■ TO DO
The exact lines of the listing, from its first through the line that contains "统计显示,2015年明慧网曝", are to make up the answer, and pictures are to be left out.

■ EXTRACTED ENTRIES
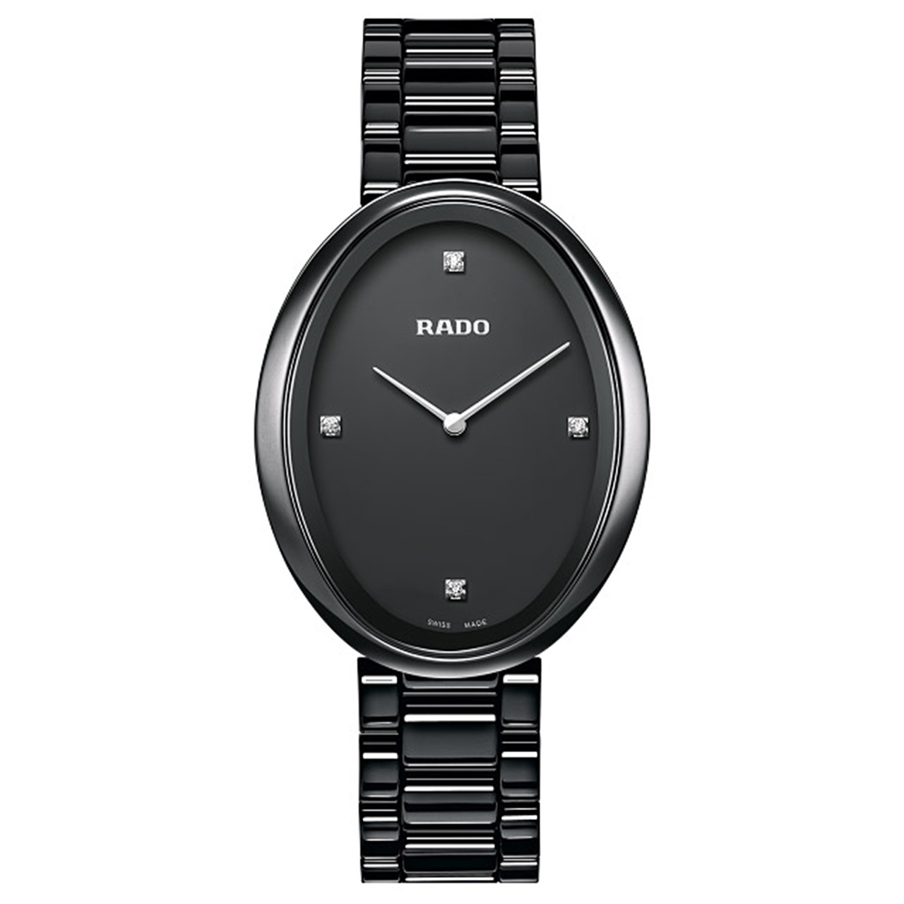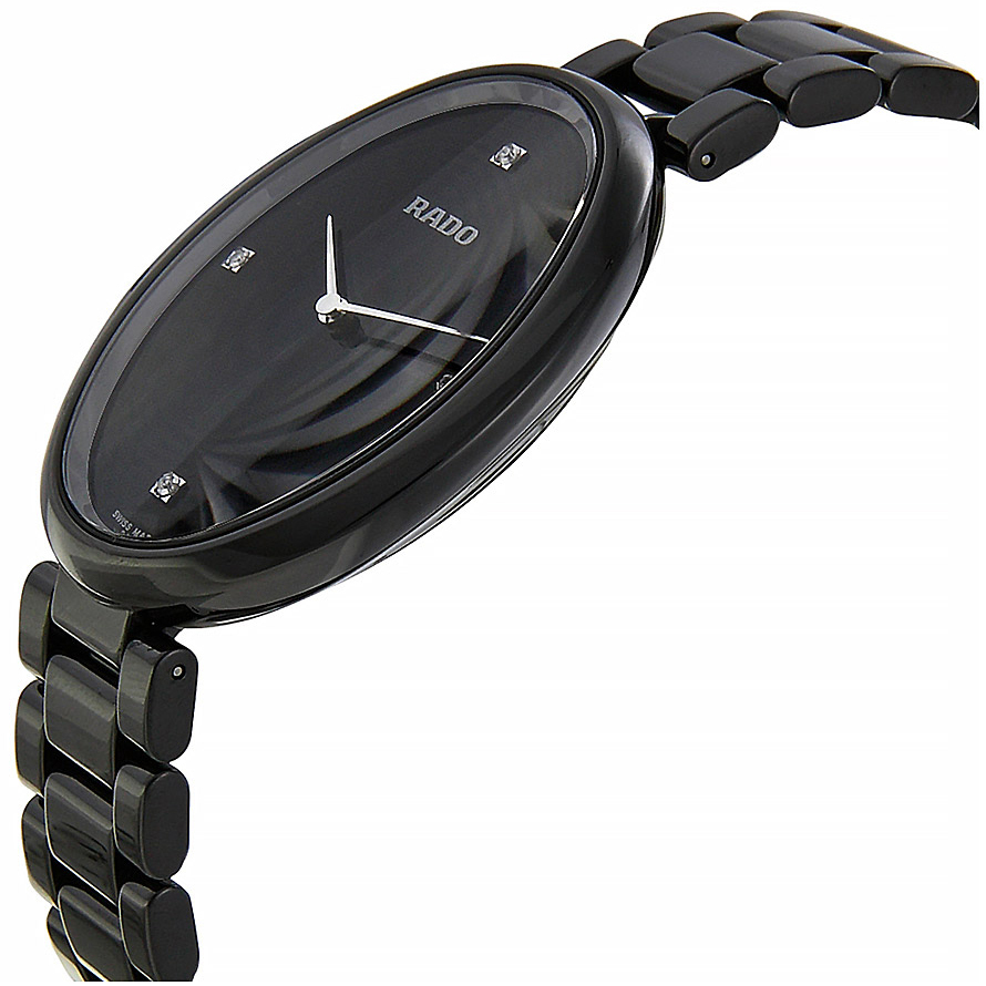 Корпус: Высокотехнологичная керамика. Сапфировое стекло. Размер 33х42 мм, водонепроницаемость 30 метров. Циферблат черный. 4 бриллианта.
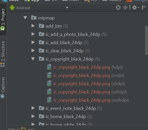 android.content.res.Resources$NotFoundException: File res/mipmap-xhdpi-v4/ic_copyright_black_24dp.png from xml type xml resource ID #0x7f0d0007上面的错误消息清楚地指出,在res/mipmap文件夹中找不到ic_copyright_black_24dp.png映像,检查该文件夹是否存在该文件。
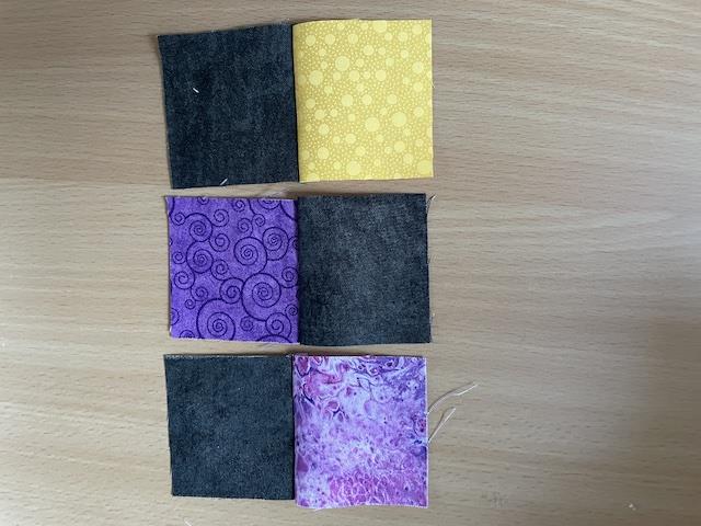 Så af hver kontrast farve skal du bruge 4 små firkanter på hver 6 x 6 cm og en stor firkant på 15 x 15 cm.
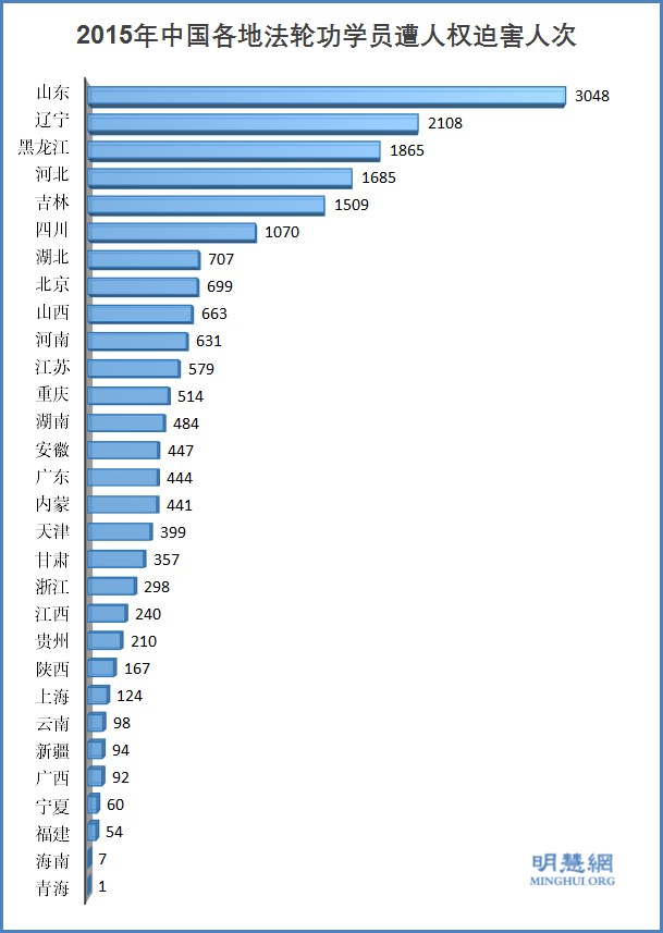 统计显示,2015年明慧网曝光的遭绑架、抄家和骚扰迫害的法轮功学员至少有19095人次,涉及中国大陆30个省市,至少有18895个家庭遭到严重骚扰。迫害最严重的地区是:山东至少发生3048人次的迫害,涉及至少3015个家庭。辽宁至少发生2108人次的迫害,涉及至少2094个家庭。黑龙江至少有1865人次遭受迫害,涉及至少1850个家庭。河北至少发生1685人次的迫害,至少涉及1663个家庭。吉林至少发生1509人次的迫害,至少涉及1495个家庭。四川至少发生1070人次的迫害,至少涉及1063个家庭。湖北至少发生707人次的迫害,至少涉及 703个家庭。北京至少发生699人次的迫害,至少涉及674个家庭。山西至少发生663人次的迫害,至少涉及656个家庭。河南至少发生631人次的迫害,至少涉及628个家庭。其它见图表所示。
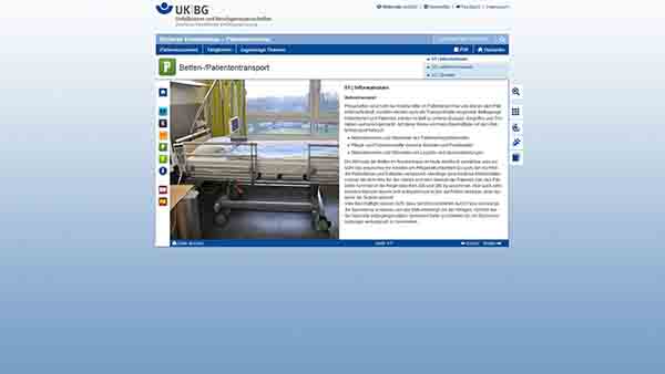 The specialist portal Safe Hospital is an interactive online compendium for occupational health and safety in hospitals, clinics and related facilities. There is a graphical interface for users in the form of a virtual hospital to select individual work areas (e.g. the operating room), individual work equipment (e.g. an anesthesia machine) or typical activities (e.g. surgical cleaning). The assigned articles provide a clear and comprehensible description of the hazards associated with the work eqquipment or the activity, as well as suitable, tested and legally compliant protective measures. Pictures, graphics and films illustrate the statements. Online tools such as the media library with selected work safety media as well as market surveys in the form of databases for important work tools (e.g. safety devices), complete the portal's offer.
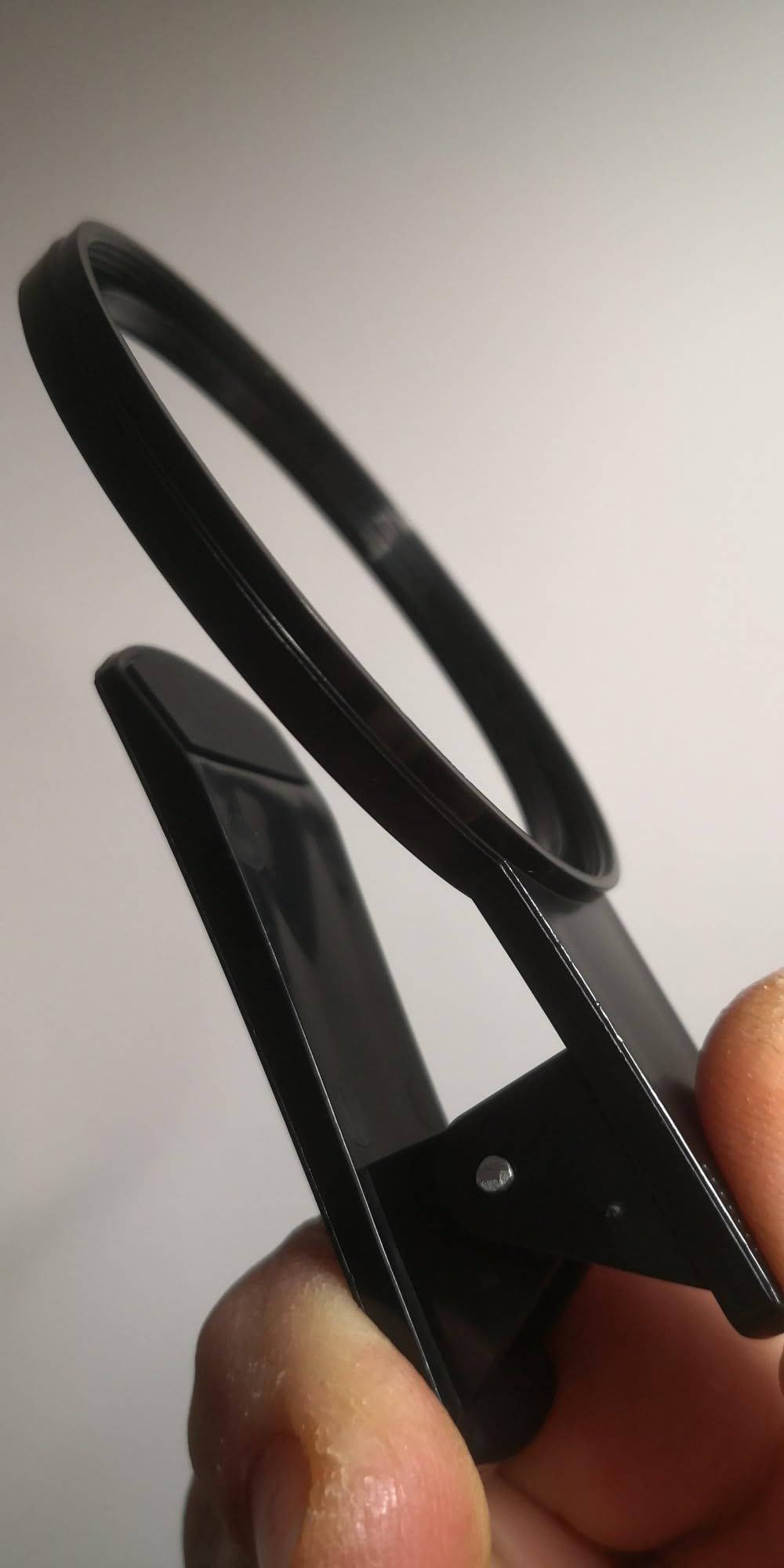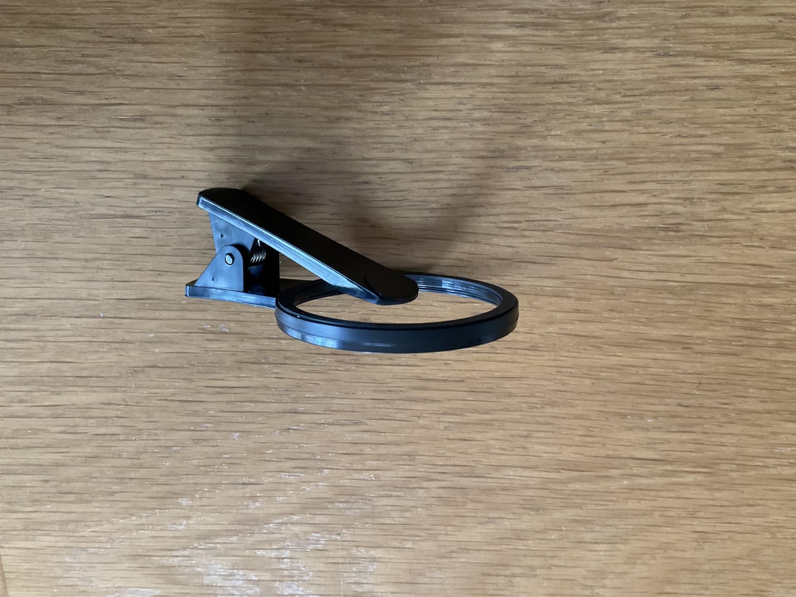 This is a light plastic construction clip which is ideal for ND and other filters for phone photography and videography. I use 67mm ND filters to allow me to shoot 24fps video on my phone. This clip has just enough pressure in the spring to hold the filter in place without slippage. The rubber circular pad on the back of the clip (behind the filter) also helps to keep the clip in firmly in place on the body of the back the phone.My previous filter holder was held in place by a large padded screw which could easily be over-tightened and thus risk damaging the touch screen. But this clip has just the right amount of pressure in the spring to prevent that kind of problem. The touch actions on the screen are unaffected by having the clip in place, and the rubber pad on the clip face should prevent any risk of scratches to the screen.The plastic construction feels strong enough for regular use, but you can feel a slight amount of flex in the clip body. This actually helps the filters to be screwed in very smoothly without the metal-to-metal rough feel you can sometimes have with metal filter holders. I’m very pleased with this so far, it has become my go-to filter clip because it is so quick and easy to use.

■ OUTPUT BELOW
 Корпус: Высокотехнологичная керамика. Сапфировое стекло. Размер 33х42 мм, водонепроницаемость 30 метров. Циферблат черный. 4 бриллианта.
 android.content.res.Resources$NotFoundException: File res/mipmap-xhdpi-v4/ic_copyright_black_24dp.png from xml type xml resource ID #0x7f0d0007上面的错误消息清楚地指出,在res/mipmap文件夹中找不到ic_copyright_black_24dp.png映像,检查该文件夹是否存在该文件。
 Så af hver kontrast farve skal du bruge 4 små firkanter på hver 6 x 6 cm og en stor firkant på 15 x 15 cm.
 统计显示,2015年明慧网曝光的遭绑架、抄家和骚扰迫害的法轮功学员至少有19095人次,涉及中国大陆30个省市,至少有18895个家庭遭到严重骚扰。迫害最严重的地区是:山东至少发生3048人次的迫害,涉及至少3015个家庭。辽宁至少发生2108人次的迫害,涉及至少2094个家庭。黑龙江至少有1865人次遭受迫害,涉及至少1850个家庭。河北至少发生1685人次的迫害,至少涉及1663个家庭。吉林至少发生1509人次的迫害,至少涉及1495个家庭。四川至少发生1070人次的迫害,至少涉及1063个家庭。湖北至少发生707人次的迫害,至少涉及 703个家庭。北京至少发生699人次的迫害,至少涉及674个家庭。山西至少发生663人次的迫害,至少涉及656个家庭。河南至少发生631人次的迫害,至少涉及628个家庭。其它见图表所示。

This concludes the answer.